**Brief**
Retype the following records exactly and exclude the pictures.

**Entries provided**
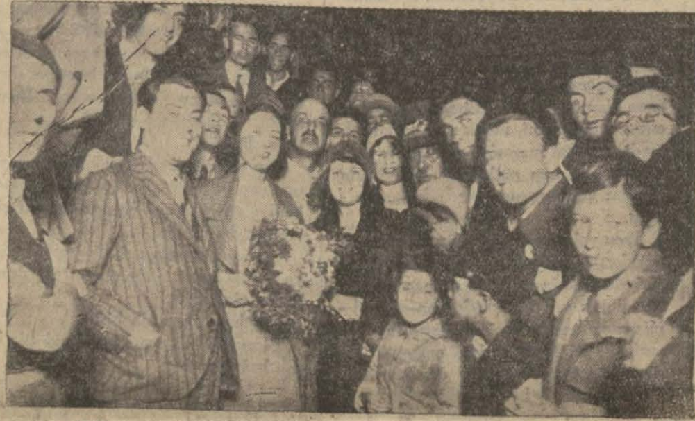
Dünya Güzeli'nin Edirne'de istikbalinden bir görünüşü...
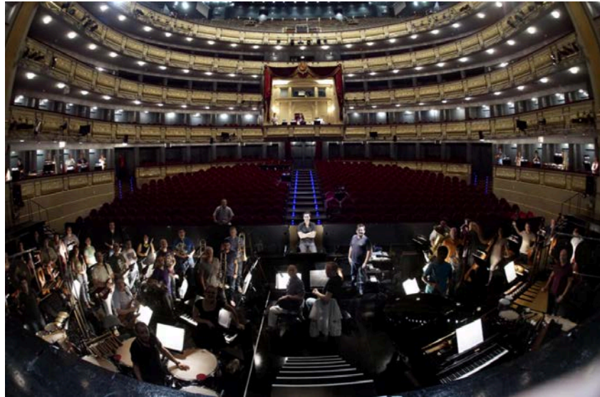
La Orquesta Titular del Teatro Real en el foso
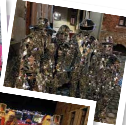
Parade de Noël
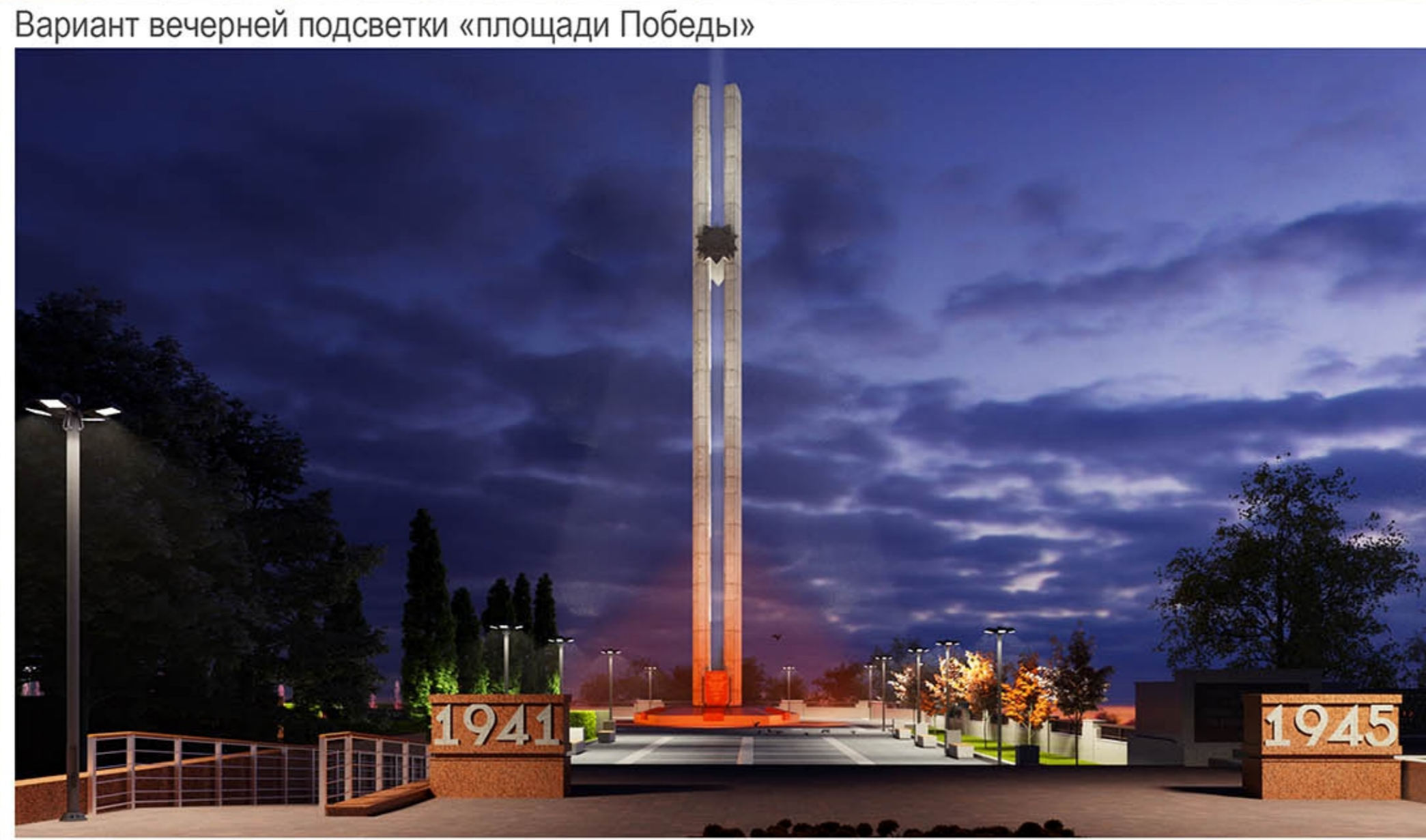
Вариант вечерней подсветки «площади Победы»
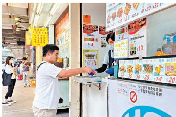
◆食環署大幅放寬對小食食肆售賣食物種類的限制。圖為小食食肆。 資料圖片

優化食物業牌照制度亦是食環署的一項重要工作。食環署署長楊碧筠近日在接受香港文匯報訪問時指出，優化食物業牌照制度的原則是在無損食物安全和環境衛生的同時，盡量便利食肆的經營者和顧客。她表示，去年3月推出的「專業核證制度」作為申請正式牌照的額外選擇，以及大幅放寬對小食食肆售賣食物、種類的限制兩項措施，均受業界廣泛支持。她指出，「專業核證制度」能夠幫助牌照申請人士節省約14個工作天。
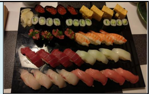
晚餐於喜代村餐廳
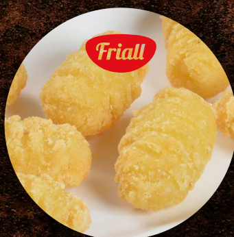
Krokety do trouby - válečky
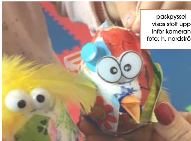
påskpyssel visas stolt upp inför kameran
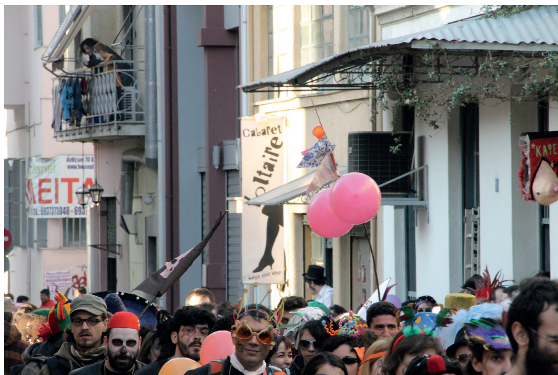
οδός Μαραθώνος, ΚτΜ 2012

Ένα από τα πιο προφανή υλικά αποτελέσματα του ΚτΜ είναι η μεταβολή της πληθυσμιακής πυκνότητας του χώρου κατά την διάρκεια της καρναβαλικής γιορτής σε σχέση με αυτήν που παρατηρείται σε καθημερινές συνθήκες στην περιοχή. Την ημέρα διεξαγωγής του ΚτΜ, η
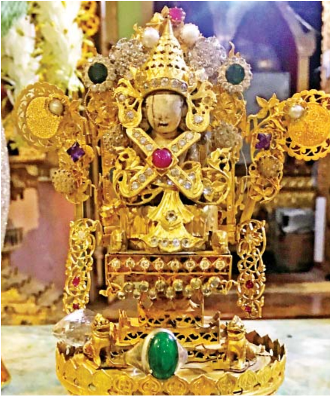
ပခန်းကြီး စည်သူရှင်သရက္ခာန်ဘုရား

လွန်ခဲ့တဲ့ ၂၇ နှစ်တုန်းက မကွေးတိုင်းဒေသကြီး ရေစကြိုမြို့မှာ တာဝန်ထမ်းဆောင်ရင်း သုံးနှစ်နီးပါးနေခဲ့ဖူးပါတယ်။ အခုအချိန်နဲ့ ပြန်တွက်ကြည့်ရင် နှစ်ပေါင်း ၃၀ လောက် ကြာခဲ့ပြီမို့ ပြောင်းလဲတိုးတက်မှုတွေလည်းရှိနေခဲ့ပြီလို့ ဆိုရမှာပါ။ ရေစကြိုမြို့နဲ့ ကင်းကွာခဲ့တာ အဲဒီလောက် ကြာခဲ့ပြီလားဆိုတော့ မဟုတ်ပါဘူး။ ရေစကြိုမှာ နေထိုင်ခဲ့စဉ်က သံယောဇဉ်ရှိခဲ့ဖူးတဲ့ ဆရာသမားတွေနဲ့ မိတ်ဆွေရင်းချာတွေဆီ သွားရောက်ဂါရဝပြု လည်ပတ်ရင်းနဲ့ မကြာမကြာ ပြန်ရောက်ဖြစ်ခဲ့ပါတယ်။ အဲဒီလို ပြန်ရောက်ဖြစ်တိုင်းလည်း ပခုက္ကူ-ရေစကြိုတစ်ကြောက သရက္ခာန်ဘုရားတွေကို ဝင်ရောက်ဖူးမြော်ဖြစ်ခဲ့ပါတယ်။ ရှင်မတောင်နဲ့ ရှင်မတောင်ပေါ်မှာရှိတဲ့ သရက္ခာန်ဘုရားကို တက်ရောက်ဖူးမြော်ခြင်းမှအပပေးလေ။
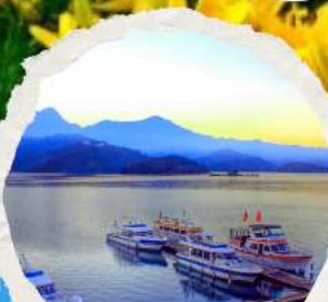
ทะเลสาบสุริยขึ้นฉิงทารา
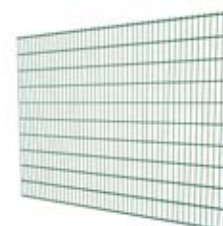
Panel Doble Hilo
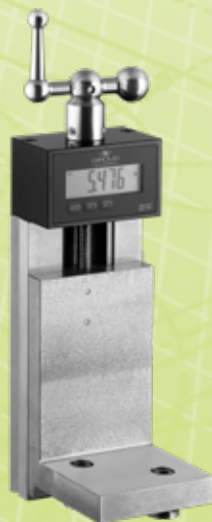
Coulisse Y Y Schlitten Y slide
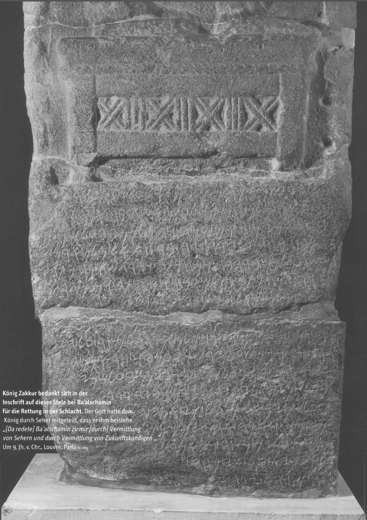
König Zakkur bedankt sich in der Inscription auf dieser Stele bei Ba'alschamin für die Rettung in der Schlacht. Der Gott hatte dem König durch Seher mitgeteilt, dass er ihm beistehe. „[Da redete] Ba'alschamin zu mir [durch] Vermittlung von Sehern und durch Vermittlung von Zukunftskundigen ...“ Um 9. Jh. v. Chr., Louvre, Paris
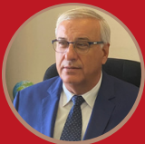
Μιχάλης Σταυριανουδάκης Γενικός Γραμματέας Αυτοδιοίκησης & Αποκέντρωσης
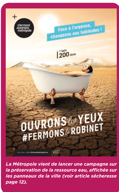
La Métropole vient de lancer une campagne sur la préservation de la ressource eau, affichée sur les panneaux de la ville (voir article sécheresse page 12).

Les horaires de chaque site ont également évolué ; la déchetterie de Gerzat est ainsi ouverte du lundi au samedi de 9h30 à 12h et de 15h à 17h30.
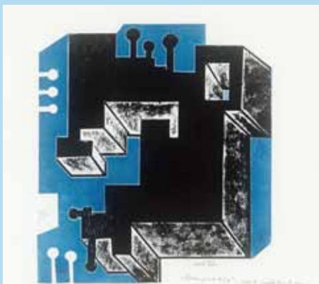
V. Kisarauskas Kompozicija.1967

Informacija tel. (8 5) 219 59 60 www.ndg.lt , www.ldm.lt , www.muziejai.lt
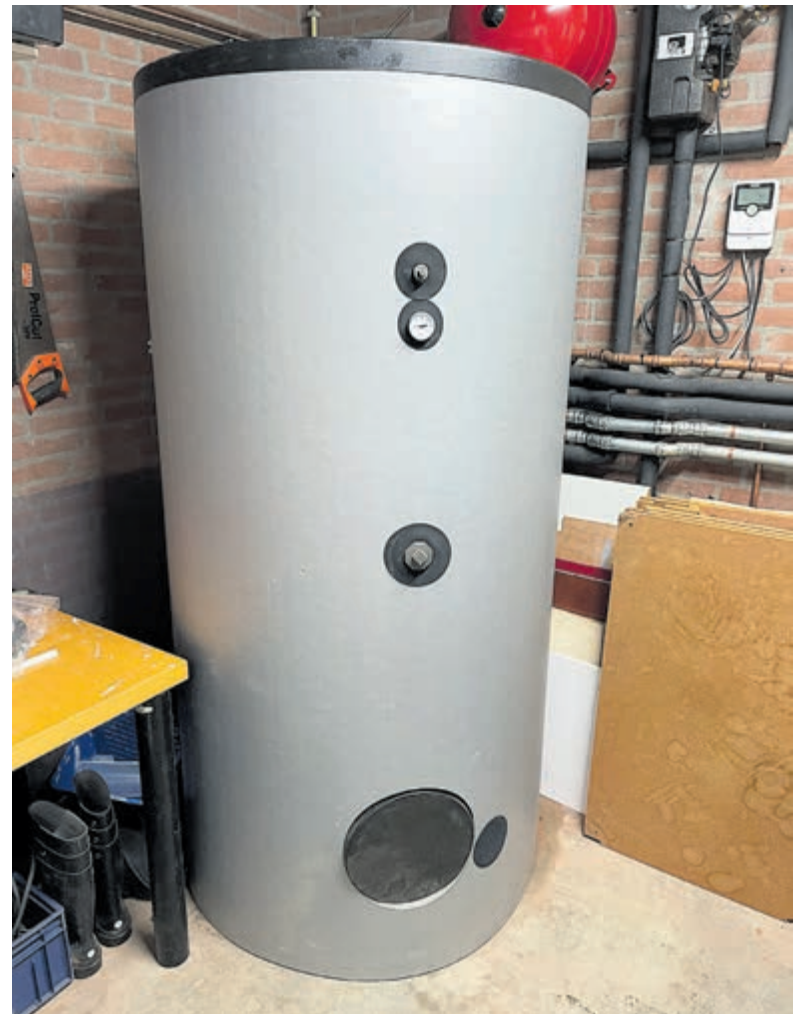
De nieuw geïnstalleerde zonneboiler met 800 liter warm water.

De volgende stappen konden gezet worden middels het selecteren van Lammers Toepoel Installatietechniek BV voor de installatiewerkzaamheden en het opstellen van een planning. In de week van 28 november 2023 is Lammers Toepoel gestart met de vervanging van bestaande boilers door een zonneboiler van 800 liter met vijf collectoren op het dak. Nog in 2023 waren deze werkzaamheden van fase 2
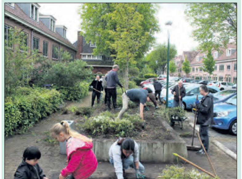
Jong en oud steekt de handen uit de mouwen om de bakken te schonen

'Die wildgroei is ontstaan, doordat SSW en de gemeente er maar niet uitkwamen wie verantwoordelijk was voor dit onderhoud. Het is een mooi deel van de buitenruimte en de bewoners ergerden zich al jaren aan dit getouwtrek. Na wat pogingen is het nu gelukt om de gemeente er bij te betrekken; de gemeente zorgde voor het gereedschap en nam de afvoer van het verwijderde groen voor haar rekening'.
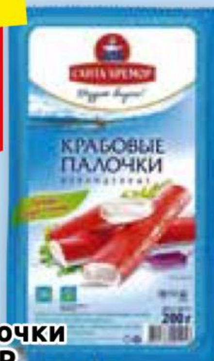
Крабовые палочки САНТА БРЕМОР охлажденные, в/у, 200 г
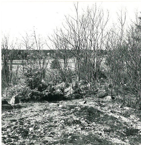
6. Sat. mus. neg. 18881 Raunio 9.
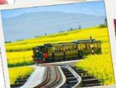
ทุ่งดอกทุ่งดอก มัสตาร์ด
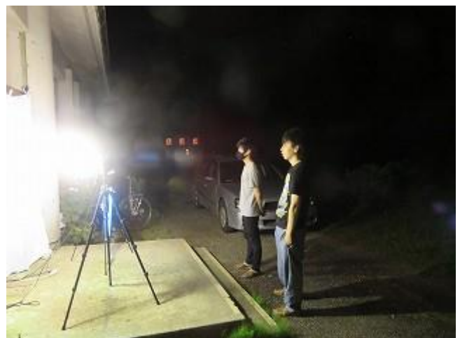
飛来した昆虫類を観察中の参加者 (ビジターセンター裏にて8/17撮影)
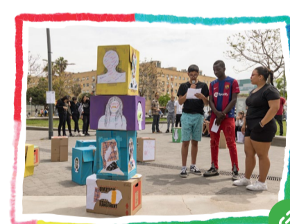
Fem comunitat al barri ARTIVISME
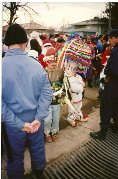
Fig.1 Mască modernă de cuc și alte personaje moderne (din arhiva personală de fotografii)

Vă prezentăm mai jos câteva fotografii realizate de autoare împreună cu o grupă de studenți într-o culegere de teren din 2006 în comuna Brănești.
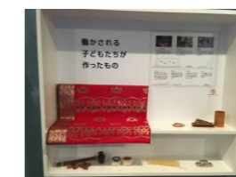
ユニセフハウス展示
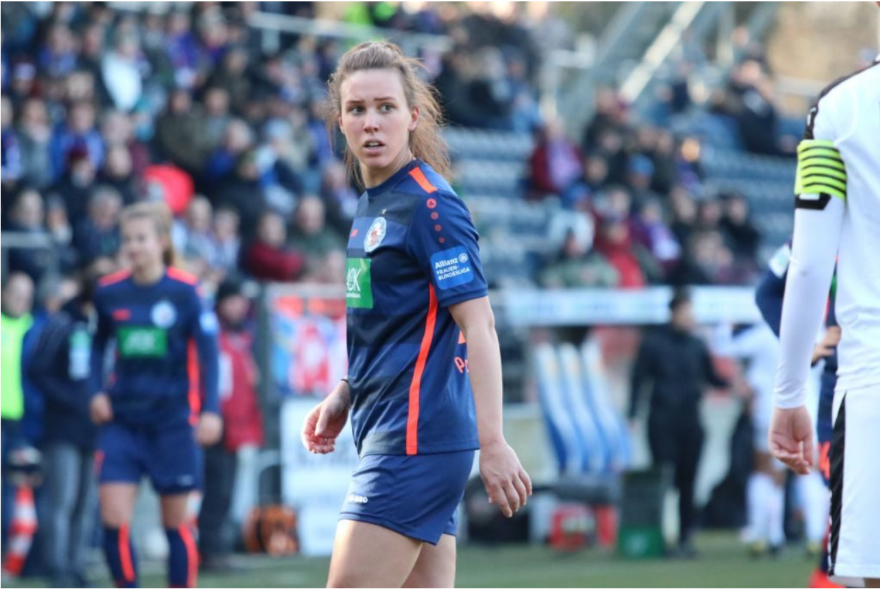
• Tory - stets engagiert
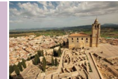
Alcalá la Real
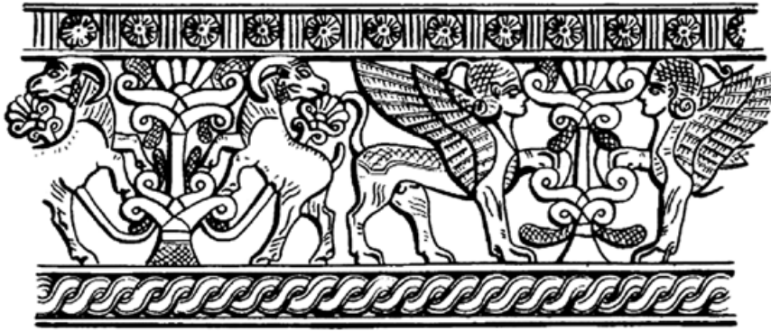
1. kép. Stilizált fák, kecskék és kerubok. Elefántesont pyxis (Kr. e. 9–7. század), lelőhely: Kalhu (Nimrud) (Keel 1997, 142, 189. kép nyomán)

fröccsent meg a lovakra, amelyekkel áthajtott velük rajta.
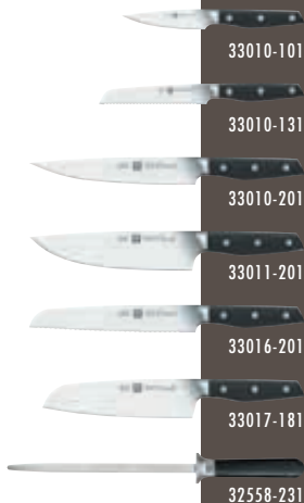
33042-000 Bloque cuchillos, 8 pzs. Ceppo di coltelli, 8 pz Messenblok, 8-dlg.

**Problem solution**
Dünya Güzeli'nin Edirne'de istikbalinden bir görünüşü...
La Orquesta Titular del Teatro Real en el foso
Parade de Noël
Вариант вечерней подсветки «площади Победы»
◆食環署大幅放寬對小食食肆售賣食物種類的限制。圖為小食食肆。 資料圖片

優化食物業牌照制度亦是食環署的一項重要工作。食環署署長楊碧筠近日在接受香港文匯報訪問時指出，優化食物業牌照制度的原則是在無損食物安全和環境衛生的同時，盡量便利食肆的經營者和顧客。她表示，去年3月推出的「專業核證制度」作為申請正式牌照的額外選擇，以及大幅放寬對小食食肆售賣食物、種類的限制兩項措施，均受業界廣泛支持。她指出，「專業核證制度」能夠幫助牌照申請人士節省約14個工作天。
晚餐於喜代村餐廳
Krokety do trouby - válečky
påskpyssel visas stolt upp inför kameran
οδός Μαραθώνος, ΚτΜ 2012

Ένα από τα πιο προφανή υλικά αποτελέσματα του ΚτΜ είναι η μεταβολή της πληθυσμιακής πυκνότητας του χώρου κατά την διάρκεια της καρναβαλικής γιορτής σε σχέση με αυτήν που παρατηρείται σε καθημερινές συνθήκες στην περιοχή. Την ημέρα διεξαγωγής του ΚτΜ, η
ပခန်းကြီး စည်သူရှင်သရက္ခာန်ဘုရား

လွန်ခဲ့တဲ့ ၂၇ နှစ်တုန်းက မကွေးတိုင်းဒေသကြီး ရေစကြိုမြို့မှာ တာဝန်ထမ်းဆောင်ရင်း သုံးနှစ်နီးပါးနေခဲ့ဖူးပါတယ်။ အခုအချိန်နဲ့ ပြန်တွက်ကြည့်ရင် နှစ်ပေါင်း ၃၀ လောက် ကြာခဲ့ပြီမို့ ပြောင်းလဲတိုးတက်မှုတွေလည်းရှိနေခဲ့ပြီလို့ ဆိုရမှာပါ။ ရေစကြိုမြို့နဲ့ ကင်းကွာခဲ့တာ အဲဒီလောက် ကြာခဲ့ပြီလားဆိုတော့ မဟုတ်ပါဘူး။ ရေစကြိုမှာ နေထိုင်ခဲ့စဉ်က သံယောဇဉ်ရှိခဲ့ဖူးတဲ့ ဆရာသမားတွေနဲ့ မိတ်ဆွေရင်းချာတွေဆီ သွားရောက်ဂါရဝပြု လည်ပတ်ရင်းနဲ့ မကြာမကြာ ပြန်ရောက်ဖြစ်ခဲ့ပါတယ်။ အဲဒီလို ပြန်ရောက်ဖြစ်တိုင်းလည်း ပခုက္ကူ-ရေစကြိုတစ်ကြောက သရက္ခာန်ဘုရားတွေကို ဝင်ရောက်ဖူးမြော်ဖြစ်ခဲ့ပါတယ်။ ရှင်မတောင်နဲ့ ရှင်မတောင်ပေါ်မှာရှိတဲ့ သရက္ခာန်ဘုရားကို တက်ရောက်ဖူးမြော်ခြင်းမှအပပေးလေ။
ทะเลสาบสุริยขึ้นฉิงทารา
Panel Doble Hilo
Coulisse Y Y Schlitten Y slide
König Zakkur bedankt sich in der Inscription auf dieser Stele bei Ba'alschamin für die Rettung in der Schlacht. Der Gott hatte dem König durch Seher mitgeteilt, dass er ihm beistehe. „[Da redete] Ba'alschamin zu mir [durch] Vermittlung von Sehern und durch Vermittlung von Zukunftskundigen ...“ Um 9. Jh. v. Chr., Louvre, Paris
Μιχάλης Σταυριανουδάκης Γενικός Γραμματέας Αυτοδιοίκησης & Αποκέντρωσης
La Métropole vient de lancer une campagne sur la préservation de la ressource eau, affichée sur les panneaux de la ville (voir article sécheresse page 12).

Les horaires de chaque site ont également évolué ; la déchetterie de Gerzat est ainsi ouverte du lundi au samedi de 9h30 à 12h et de 15h à 17h30.
V. Kisarauskas Kompozicija.1967

Informacija tel. (8 5) 219 59 60 www.ndg.lt , www.ldm.lt , www.muziejai.lt
De nieuw geïnstalleerde zonneboiler met 800 liter warm water.

De volgende stappen konden gezet worden middels het selecteren van Lammers Toepoel Installatietechniek BV voor de installatiewerkzaamheden en het opstellen van een planning. In de week van 28 november 2023 is Lammers Toepoel gestart met de vervanging van bestaande boilers door een zonneboiler van 800 liter met vijf collectoren op het dak. Nog in 2023 waren deze werkzaamheden van fase 2
Jong en oud steekt de handen uit de mouwen om de bakken te schonen

'Die wildgroei is ontstaan, doordat SSW en de gemeente er maar niet uitkwamen wie verantwoordelijk was voor dit onderhoud. Het is een mooi deel van de buitenruimte en de bewoners ergerden zich al jaren aan dit getouwtrek. Na wat pogingen is het nu gelukt om de gemeente er bij te betrekken; de gemeente zorgde voor het gereedschap en nam de afvoer van het verwijderde groen voor haar rekening'.
Крабовые палочки САНТА БРЕМОР охлажденные, в/у, 200 г
6. Sat. mus. neg. 18881 Raunio 9.
ทุ่งดอกทุ่งดอก มัสตาร์ด
飛来した昆虫類を観察中の参加者 (ビジターセンター裏にて8/17撮影)
Fem comunitat al barri ARTIVISME
Fig.1 Mască modernă de cuc și alte personaje moderne (din arhiva personală de fotografii)

Vă prezentăm mai jos câteva fotografii realizate de autoare împreună cu o grupă de studenți într-o culegere de teren din 2006 în comuna Brănești.
ユニセフハウス展示
• Tory - stets engagiert
Alcalá la Real
1. kép. Stilizált fák, kecskék és kerubok. Elefántesont pyxis (Kr. e. 9–7. század), lelőhely: Kalhu (Nimrud) (Keel 1997, 142, 189. kép nyomán)

fröccsent meg a lovakra, amelyekkel áthajtott velük rajta.
33042-000 Bloque cuchillos, 8 pzs. Ceppo di coltelli, 8 pz Messenblok, 8-dlg.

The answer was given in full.